Previous studies on PVS have found the presence of elevated levels of inflammatory cytokines such as CCL5, IL-6, and IL-8; IgG subclass imbalances, high angiotensin II type 1 receptor antibodies (AT1R), and the presence of spike S1 in non-classical monocytes, among others.

In the LISTEN PVS cohort, there was no evidence of elevation in inflammatory cytokines or IgG subclass imbalances. This difference may be due to the heterogeneity of the cohorts studied, vaccine types or the time from vaccination.

The demographics at risk of developing PVS and symptom manifestations are similar to those of long COVID. Whether this reflects overlapping underlying mechanisms such as persistent S protein remains to be determined. Circulating S1 antigen has been detected in mRNA-1273 vaccine recipients without a prior history of viral infection within an average of five days after the first injection and becomes undetectable by day 1416.

By contrast, in this study, significantly elevated levels of circulating S1 and S were observed in a subset of PVS participants both in the infection-naive and infection-positive groups up to 709 days post-exposure.

This is in line with the findings of S1 persistence in monocytes in people with PVS. Circulating full-length S
has also been detected in cases of post-vaccination myocarditis.

Given the striking similarities between long COVID and PVS symptoms, there has been speculation
regarding the potential causal role of the persistent presence of spike protein driving  the chronic symptoms.

Additionally, a recent study has shown spike protein binding to fibrin resulting in inflammation ex vivo and neuropathy in animal experiments. S1 subunit is sufficient to cause formation of trypsin-resistant (hard to break down) fibrin clots when added to plasma from healthy individuals.

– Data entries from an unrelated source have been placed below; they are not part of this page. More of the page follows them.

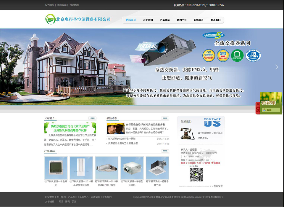 北京奧得圣致力于提供高效節(jié)能、舒適環(huán)保新風(fēng)系統(tǒng)系列產(chǎn)品及中央空調(diào)系統(tǒng)系列產(chǎn)品。室內(nèi)空氣污染已經(jīng)成為全世界各國共同關(guān)注的問題,被公認(rèn)為人類健康最危險(xiǎn)殺手之一。新風(fēng)換氣系統(tǒng),不僅能輕松應(yīng)對各種場所空氣污染問題,節(jié)能、環(huán)保等新技術(shù)的應(yīng)用更為用戶帶來高品質(zhì)的生活享受。
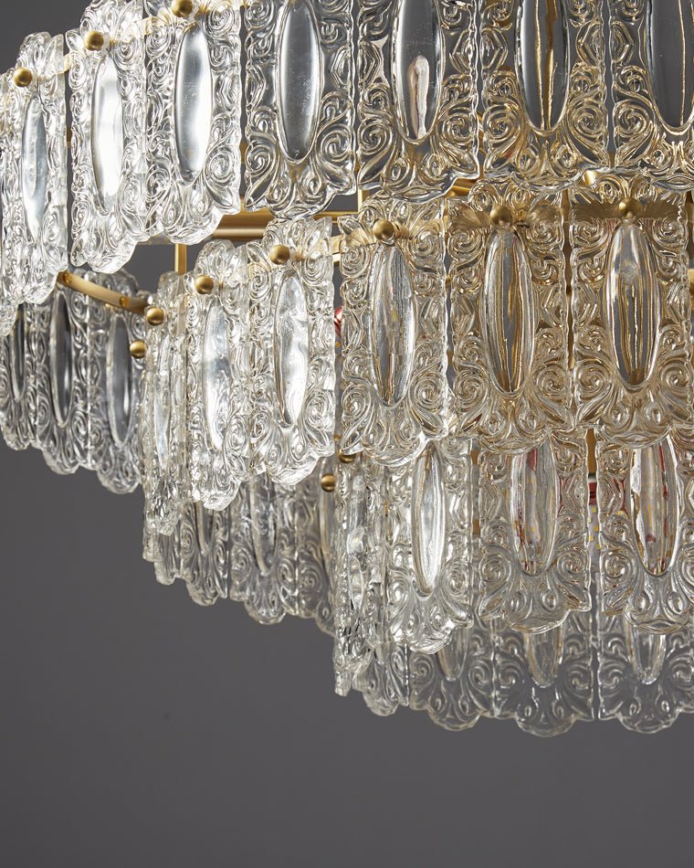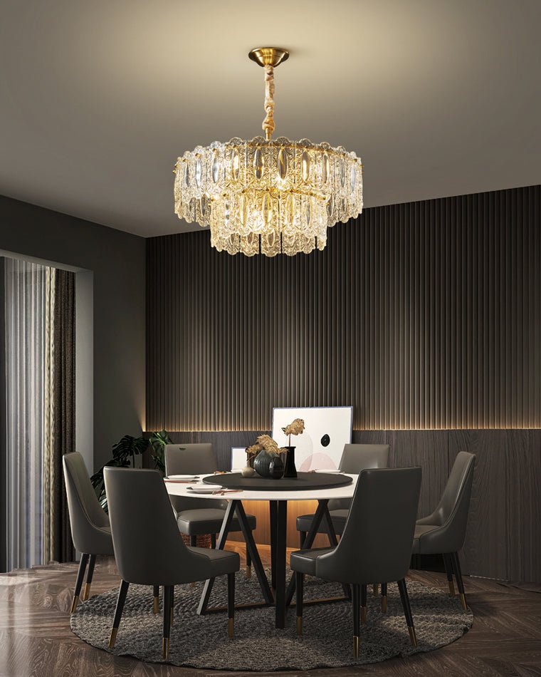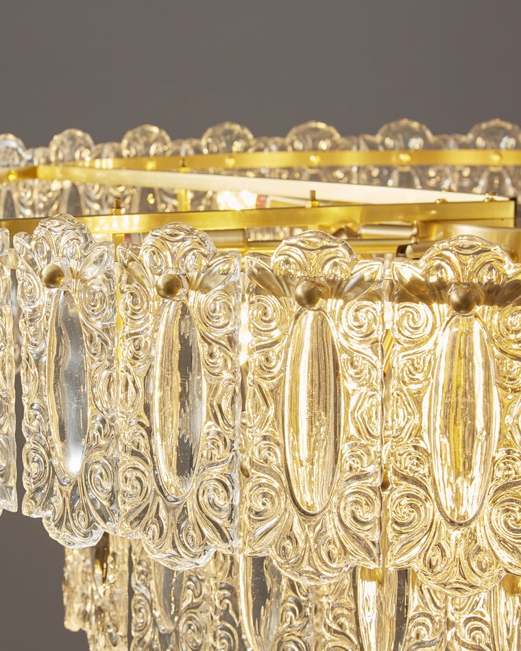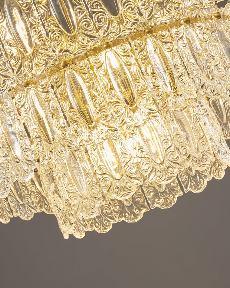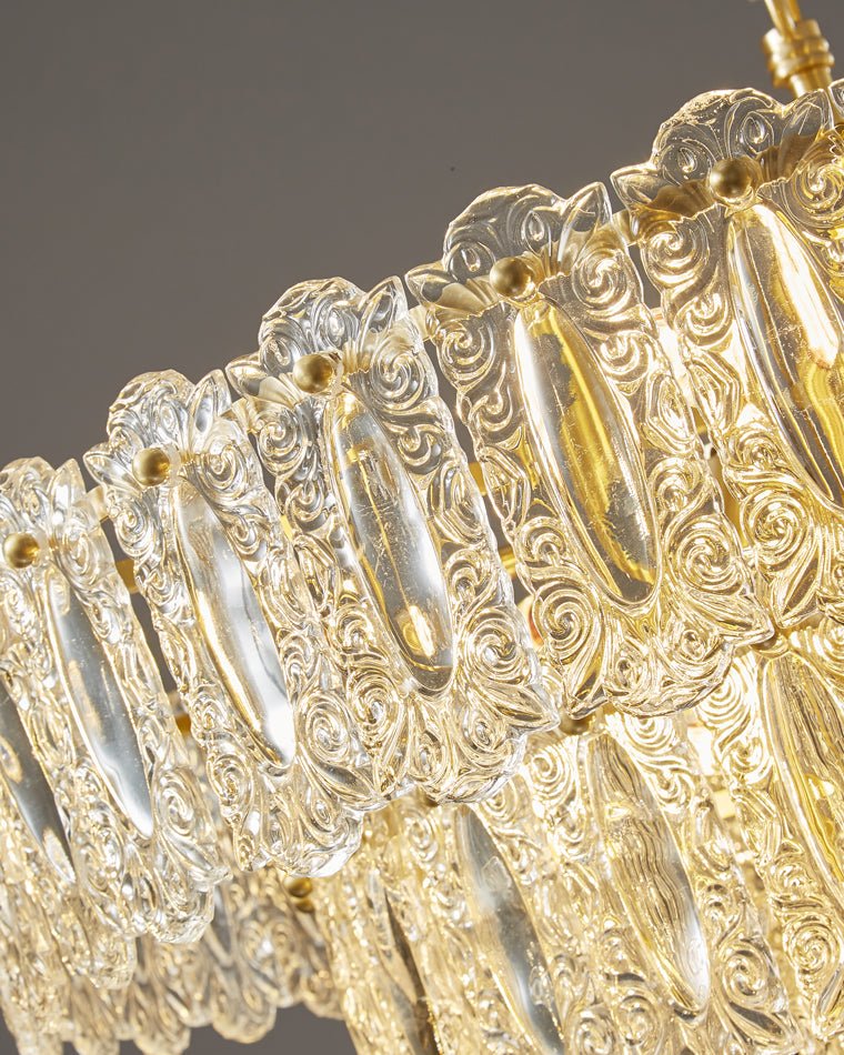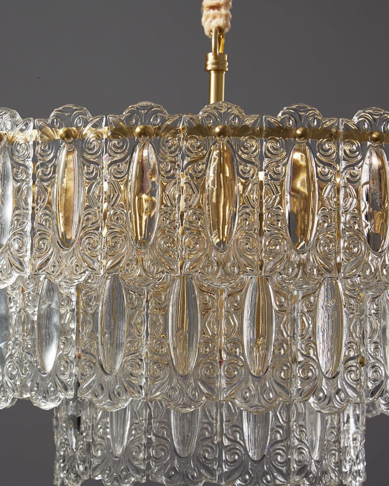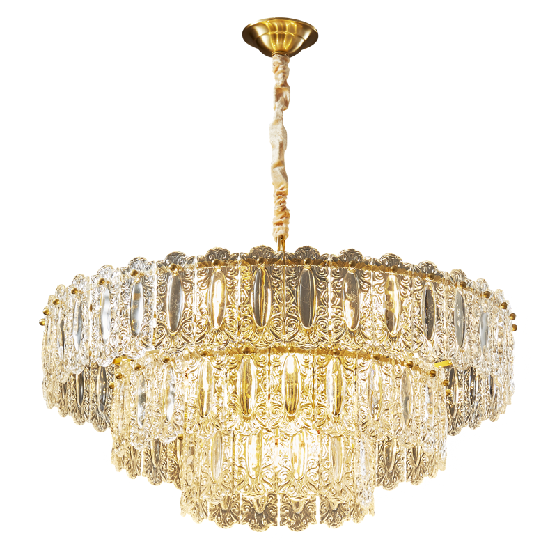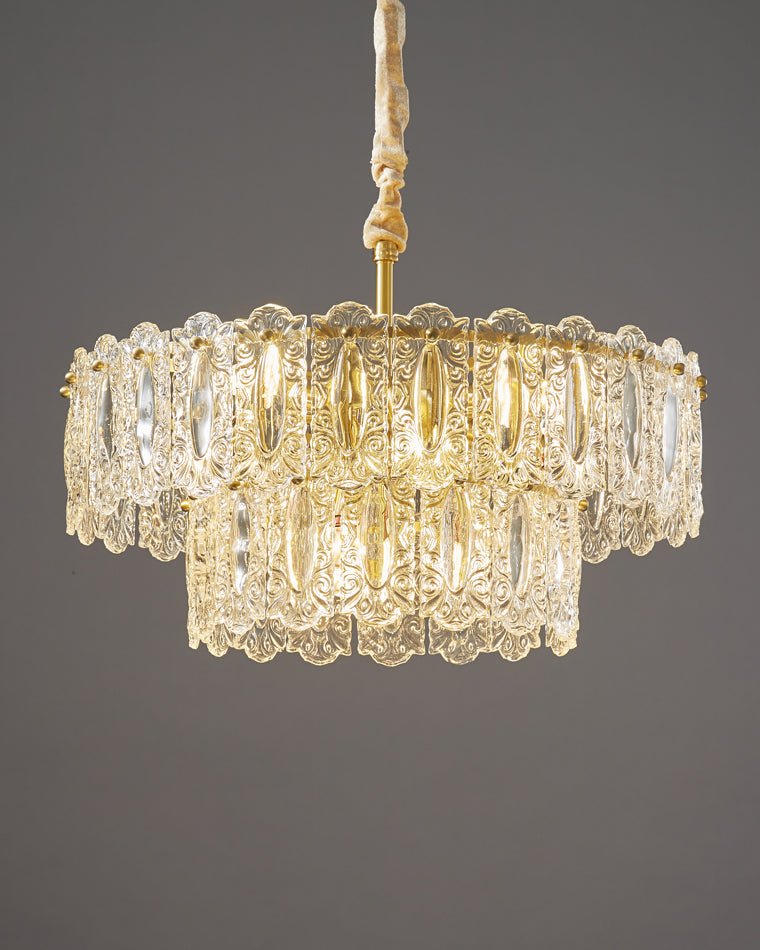 Add Splendor and Luxury Style to your home with the jucci Tiered Textured Glass Chandelier. The refined contrast of clear textured glass and brass create quite a spectacle when its six lights are illuminated. Even when not lit, its sparkling wedge silhouette is something to behold. Transform a traditional living room, dining room, kitchen island, bedroom into a glamorous showcase with this gold and crystal chandelier.
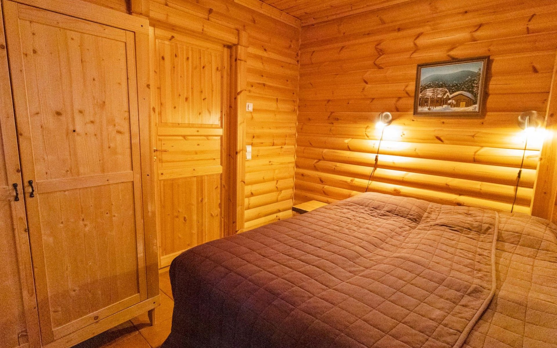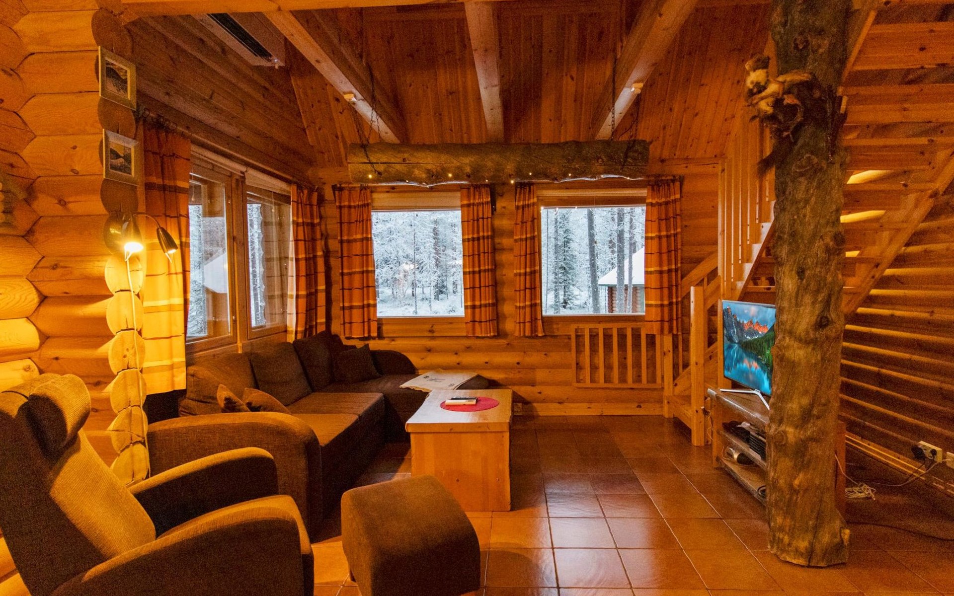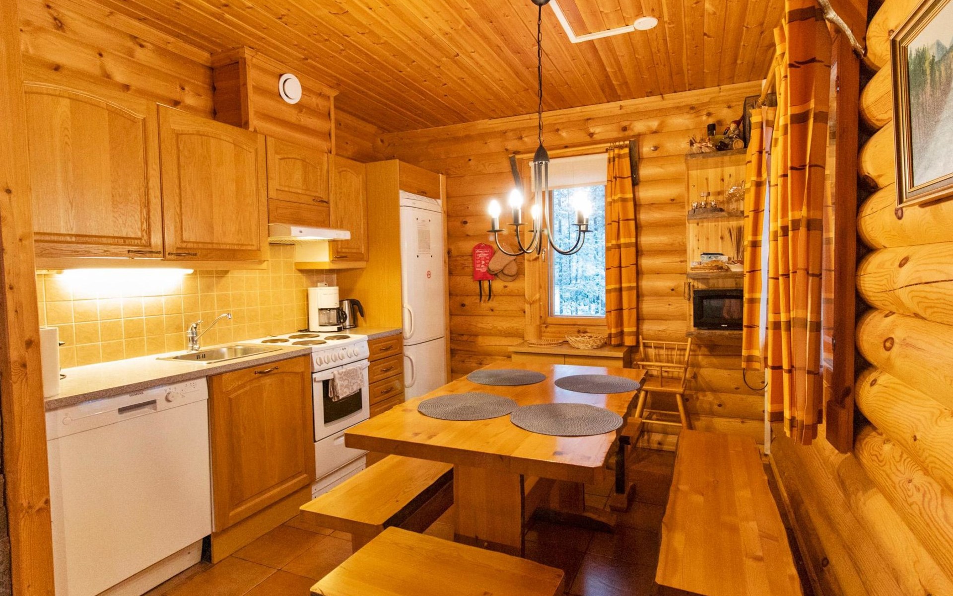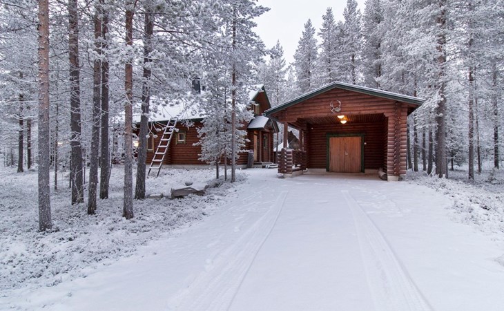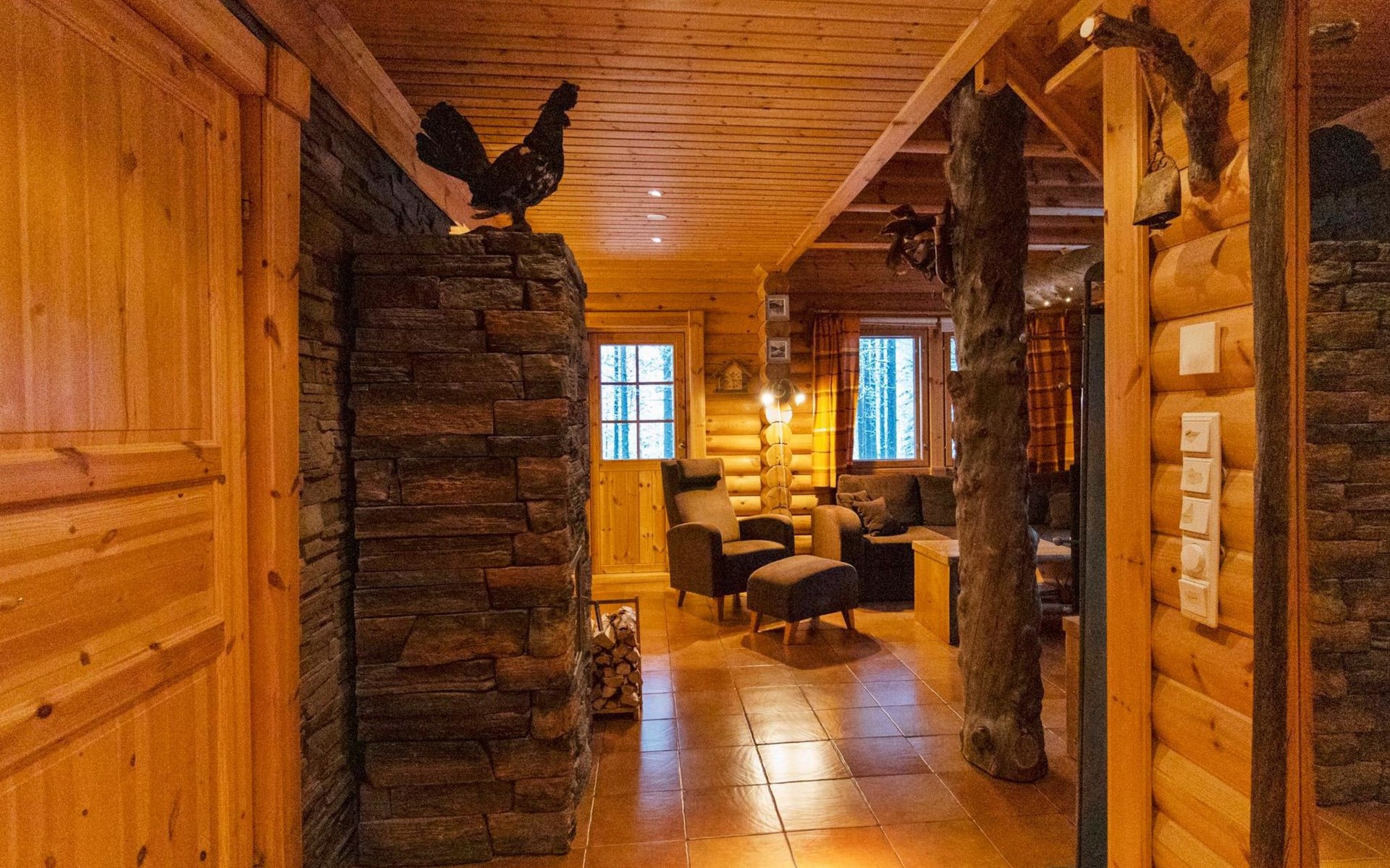 53 km north from Kemijärvi, round log cabin built in 2008. Living room/kitchen, bedroom with double bed, washroom, sauna (electric stove), toilet. Upstairs: open balcony with convertible sofa/bed for two persons and bedroom with two separate beds. There are open porches on each floor, car shelter.
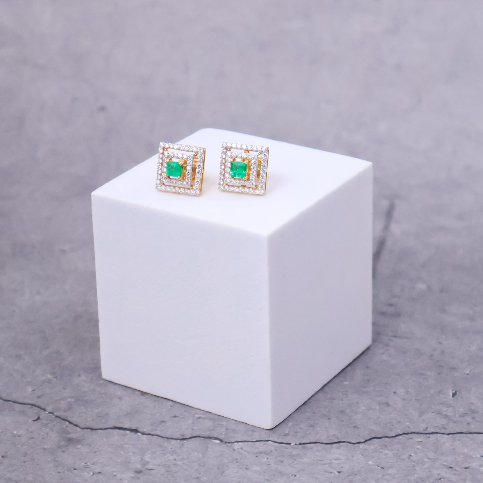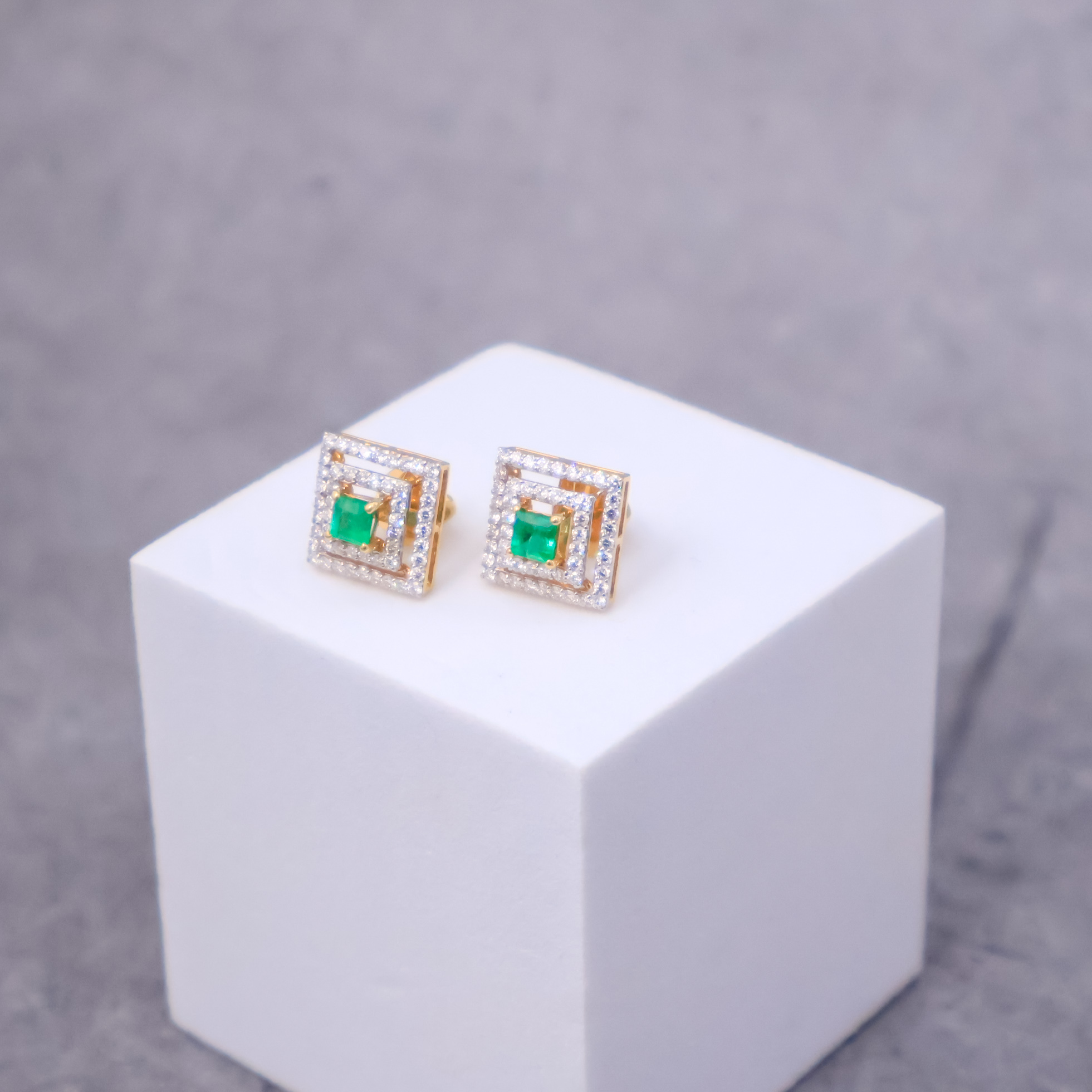 Princess cut Panjshir emeralds from Afghanistan, celebrated for their subtle green hue, are set in 14kt yellow gold, surrounded by sparkling diamonds for a stunning contrast.
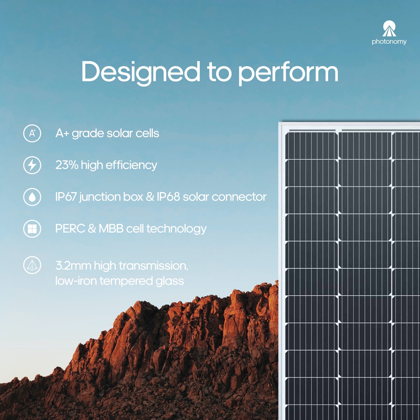 A+ grade monocrystalline half cut cells deliver industry-leading 23% conversion efficiency. Equipped with PERC technology, 12 busbars (MBB), Half Cut cells and advanced cell texturing to maximise convertible sunlight.
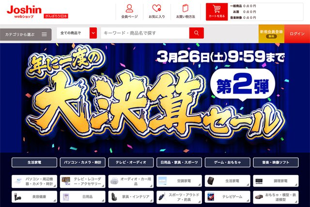 HOME > ニュース > AV&ホームシアターニュース 3月26日9時59分まで ジョーシンweb、「年に一度の大決算セール」第2弾。有名メーカー製テレビや家電、ゲームソフトもお得に PHILE WEB編集部 2022年03月14日 次の写真へ 「年に一度の大決算セール」 次の写真へ この写真の記事へ 関連リンク セール会場はこちらから
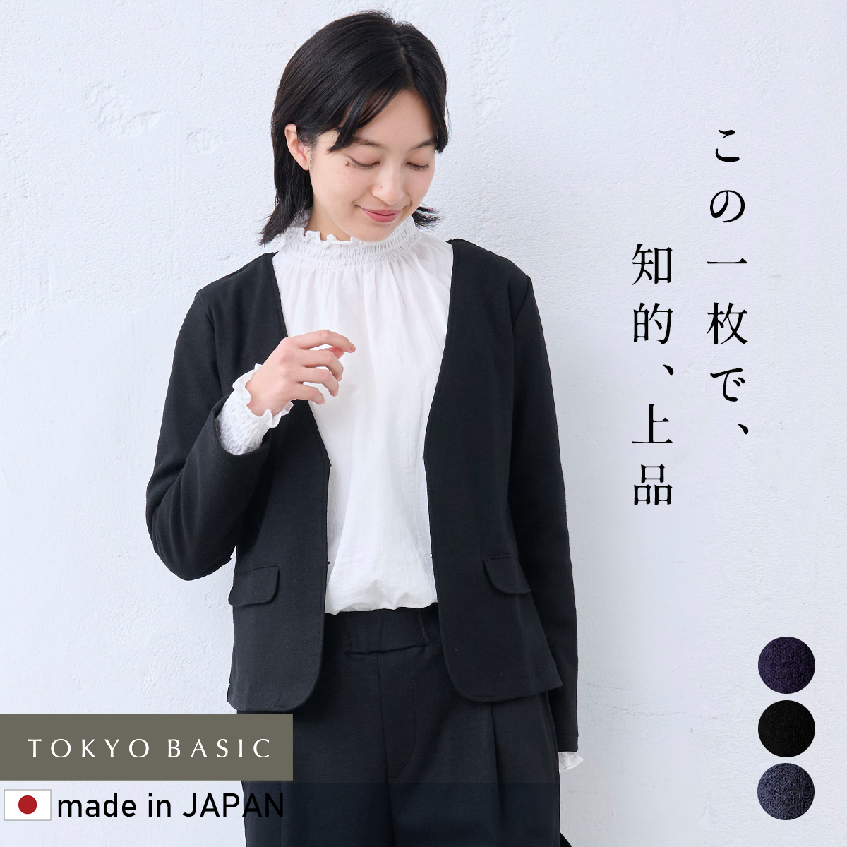 この一枚で、知的、上品なノーカラージャケット。よそゆきにも普段づかいにも映えるジャケットがあれば、あえて裏地を付けず、カーディガン感覚で。ウール産地尾州で特注のTBオリジナルの圧縮ウール。ウールに圧縮をかけて生地をフェルト化したので、なめらか手触り&上品な光沢感に。抜群の伸縮性でストレスフリーな着心地です。
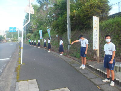 昨日:9月12日(月)は、『あいさ2運動』でした。正門付近の歩道から、行き交う車にあいさつをしました。ドライバーのみなさまからもあいさつを返していただき、ありがとうございます。気持ちのよい朝のスタートでした。(校長:鎌田浩二)

The persistent presence of S1 and the full-length spike protein across multiple long COVID cohorts lends further support to this hypothesis. Despite higher antigen persistence rates, the PVS participants with detectable
S1 had higher mean circulating S1 levels compared to the Long Covid participants. In our PVS-I  group, anti-S antibody levels were lower in those with circulating S1.

Why persistent spike antigen fails to elicit an antibody response, and what the source of persistent
spike in circulation is, requires further investigation.

Immunophenotyping of circulating PBMCs from participants with PVS revealed lower  levels of circulating CD4+ Tem, CXCR3 expressing CD4, as well as IL-4+/IL-6+ double positive CD4 T cell populations and higher TNFα secreting CD8 cell populations.

This is in contrast to our observations of higher levels of IL-4+/IL-6+ CD4 T cell populations in  the long COVID cohort. Elevated levels of anti-S IgG have been observed in Long COVID patients, possibly reflecting persistent S protein.

By contrast, within the PVS-I subgroup, the lower levels of anti-S antibodies were associated with a reduced number of vaccinations. Moreover, PVS participants in this study did not exhibit decreased circulating cortisol levels or increased fetuin (a blood protein secreted by the liver) levels, as reported for long COVID.

In addition, similar to what has been reported in long COVID, elevated antibody responses against EBV (Epstein-Barr virus) lytic antigen were detected among seropositive participants with PVS, suggesting recent reactivation of the virus.